Someone used to say “power is nothing without control!”To be more weighted it means to be slow and not in a good solid base most of the times.
That’s why I think when you face a taller and weighted opponent, you have to concentrate your attacks at the legs(base)where all the weight is supported by, turning his virtue into a defect. Telling this I remember a k1 fight between Mike Bernardo vs Butterbean.(here is the link: http://www.youtube.com/watch?v=MUtp55a8hKg&feature=related ) Of course in this case there’s no such a big difference of weight between them and we’re not talking about an everyday self defense situation.

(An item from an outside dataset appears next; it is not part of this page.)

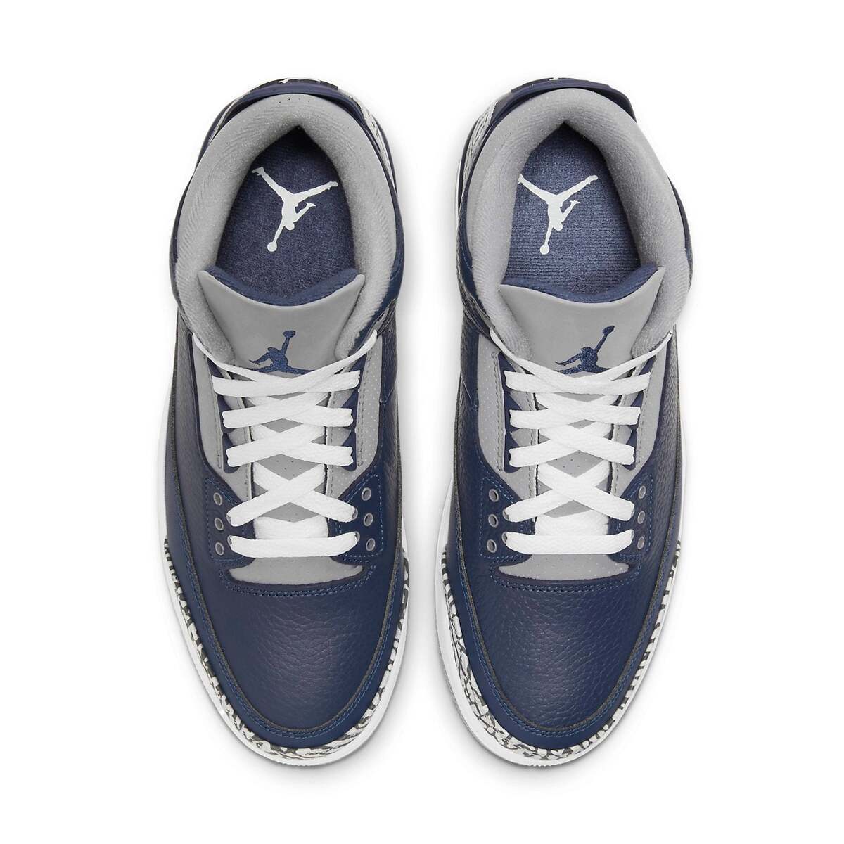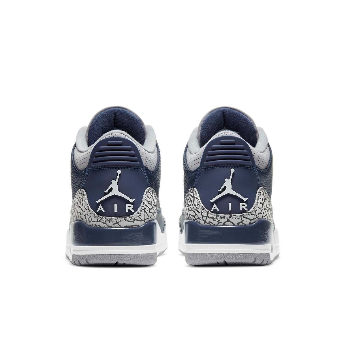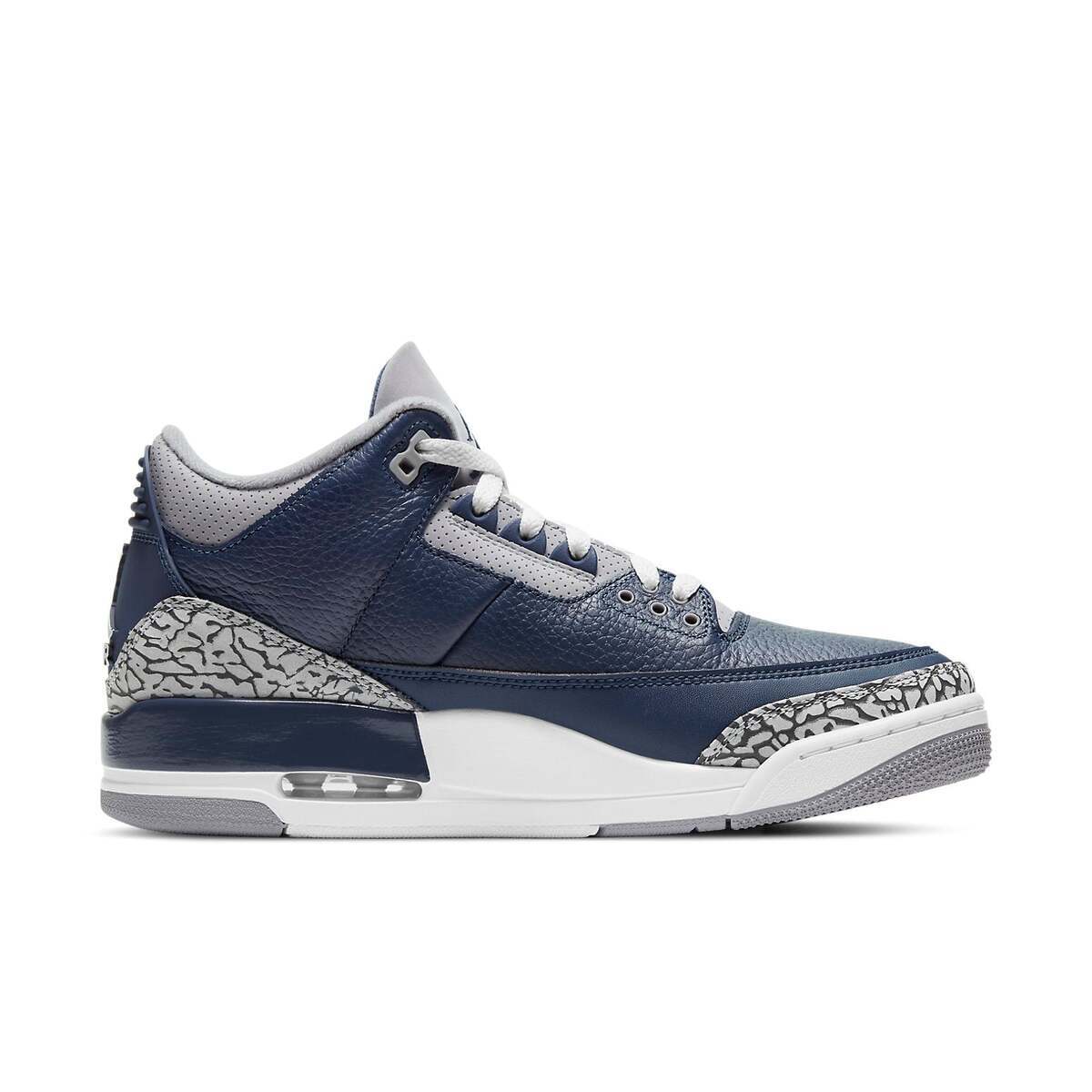 This Air Jordan 3 "George Town" is featured with a Navy color hue accented with grey panels throughout, the uppers here are built from premium quality tumbled leather, with mesh overlays balancing out the design overall. SKU: CT8532-401 Release Date: Mar 20, 2021 Color: MIDNIGHT NAVY/CEMENT GREY/WHITE

Just let’s say that size matters, but not always…butterbean helps us again: http://www.youtube.com/watch?v=zKwoQZR-CnI&NR=1
Essentially (I’m 6,00”inches tall x 240lbs ) I think what really matters in real fight situation are “premeditation” and “surprise factor”,more than size or skills! The difficult part is to try to prevent them… ;)
Loren Christensen says
Good stuff, Wim.
Pieter says
Awesome article
Like you explained so well in your previous articles.

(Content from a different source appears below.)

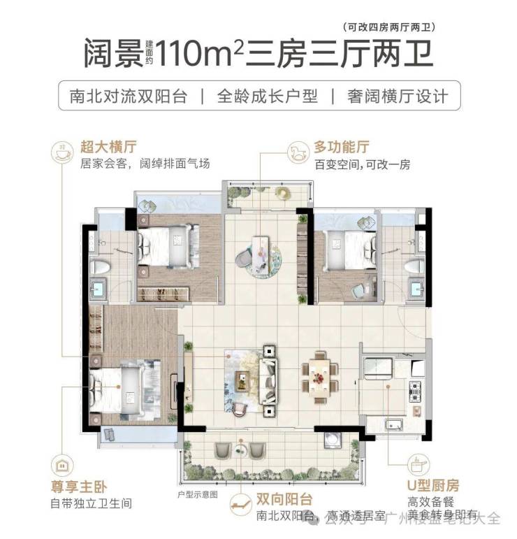 【户型】:建面约88-110㎡三至四房(可改)

Combat sports can only cover a piece of the pie of violence.
I agree with that size and weight matter a lot.
However i think this is only true to a certain level.

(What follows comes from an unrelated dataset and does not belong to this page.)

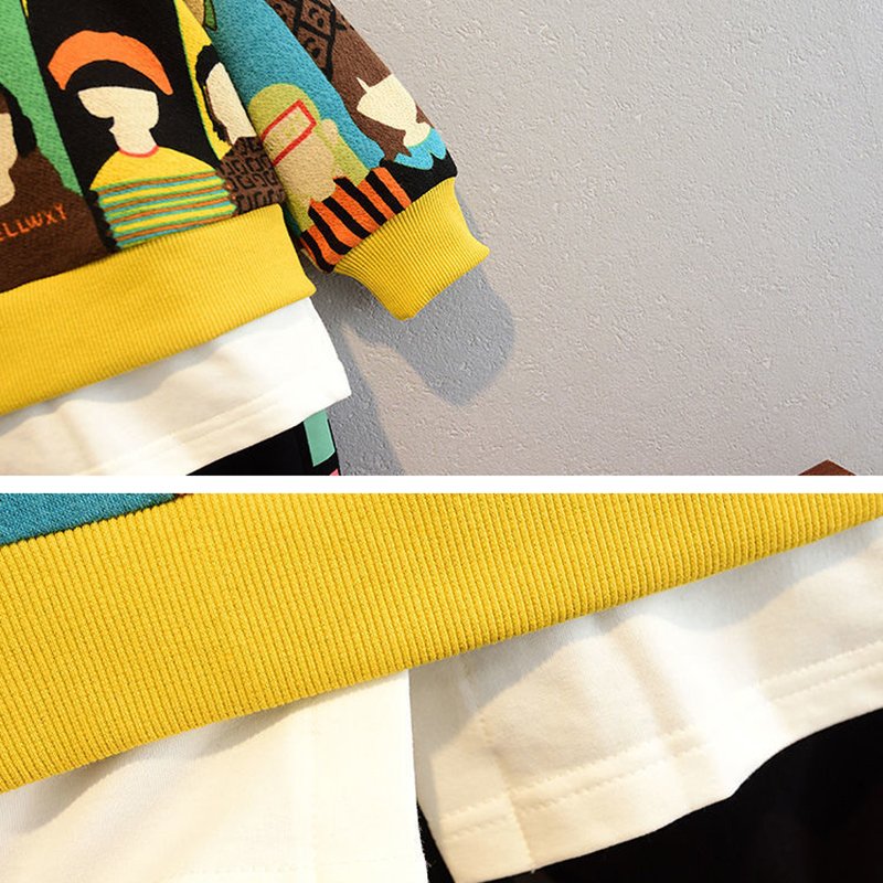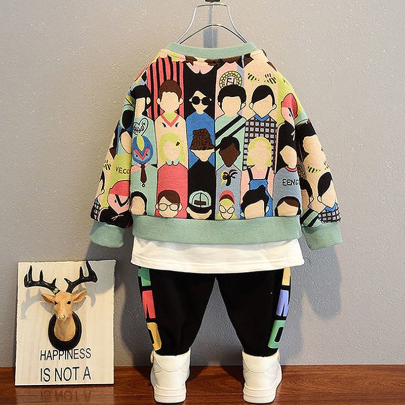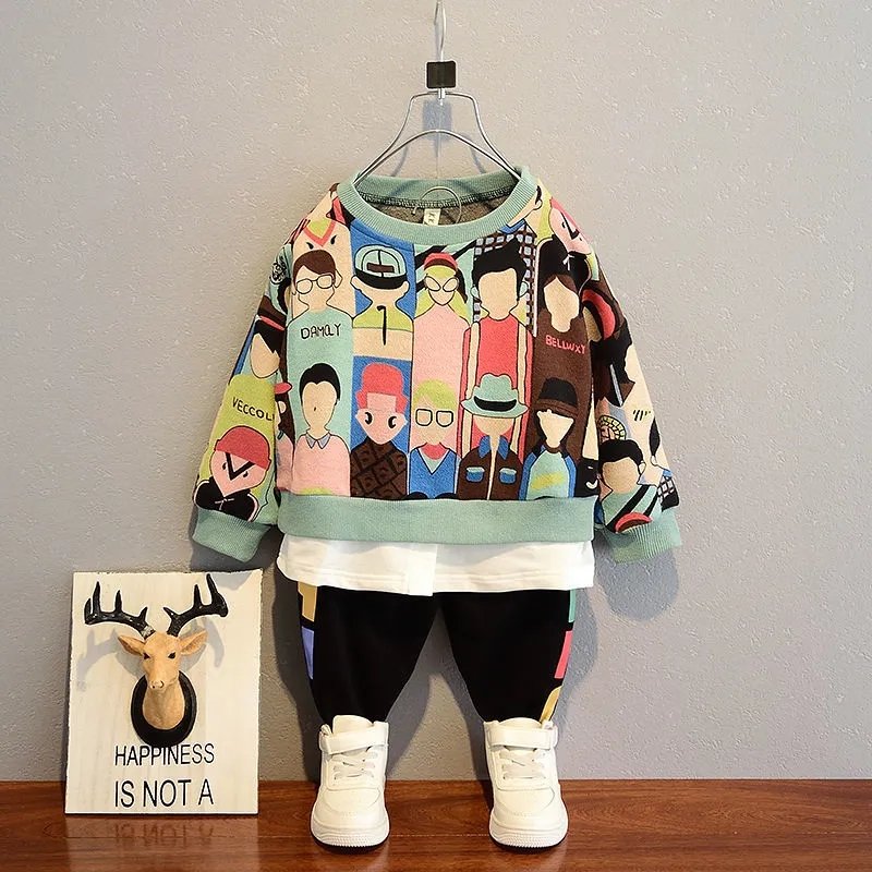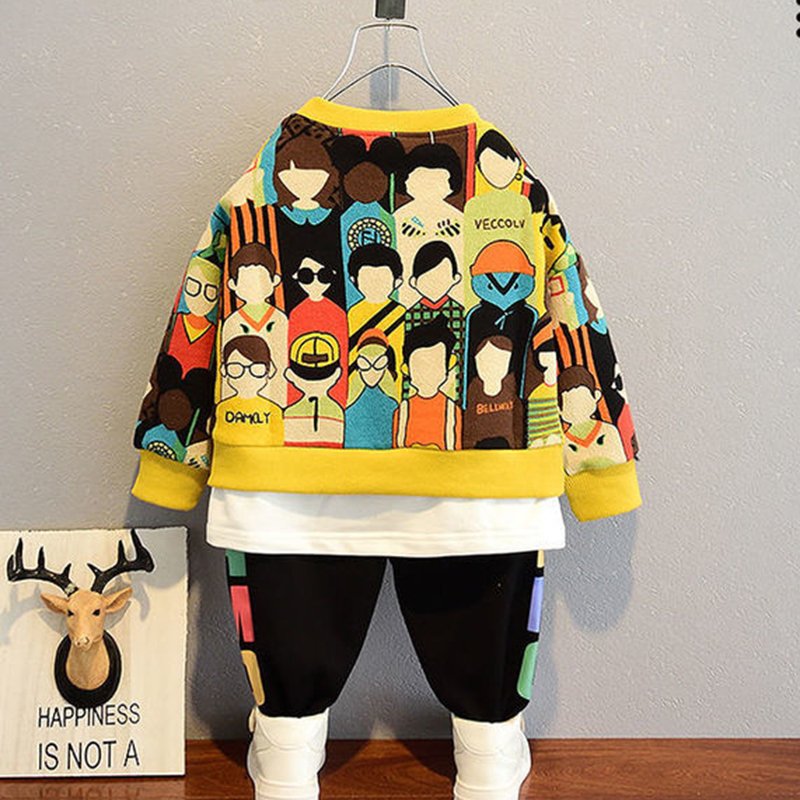 Boys Fashion Colorful Portrait Sweatshirt And Pantsset

When two people in a combat sport are both equally skilled and experienced.
Usually the guy who is bigger and heavier will win.
However this does noth say size is the determining factor.
Und that combat sports techniques won,t work on bigger people.
When i sparred with kickboxing und i used some throws/trips they had no idea what happened leth alone how to prevent gething thrown.
I dropped big dudes without effort.
However against Judo guys that size i am at a huge disadvantage.
So i think that when the skills are kinda equal then size starts to kick in.
Here some videos where David beats Goliath:
http://www.youtube.com/watch?v=-8iTAaJCVjg
Hong Man Choi defintely had the size advantage yet he lost.
Und here Andrei Arlovski (2nd place World Sambo championships und former UFC heavyweight champion) gets outgrappled by Marcelo Garcia.
http://www.youtube.com/watch?v=QRWUatsDRzE
Tom says
I agree mostly with Daniele. Size matters to some extent. However, a lot of bigger people are simply fat and slow. Furthermore, to be effective muscle needs to be lean, Just look at all those body builders and bouncers. They are all bulking with muscle but lack speed, technique and stamina. Often a lighter and quicker fighter can simply wear out a bigger opponent.
Wim says
Try this and then this.
Another point is this: self-defense is not a 5-round MMA championship fight. Your reasoning not only assumes the big guy is slow, it also assumes you will have the time to wear him down. Those are risky assumptions that in many cases are mistaken.
As a general strategy, I always assume my opponent is stronger, more skilled and faster than I am. If he is, then I have already taken those factors into account. If he isn’t, then my life just became a whole lot easier than I thought. Either way, I’m better off than hoping he’ll suck.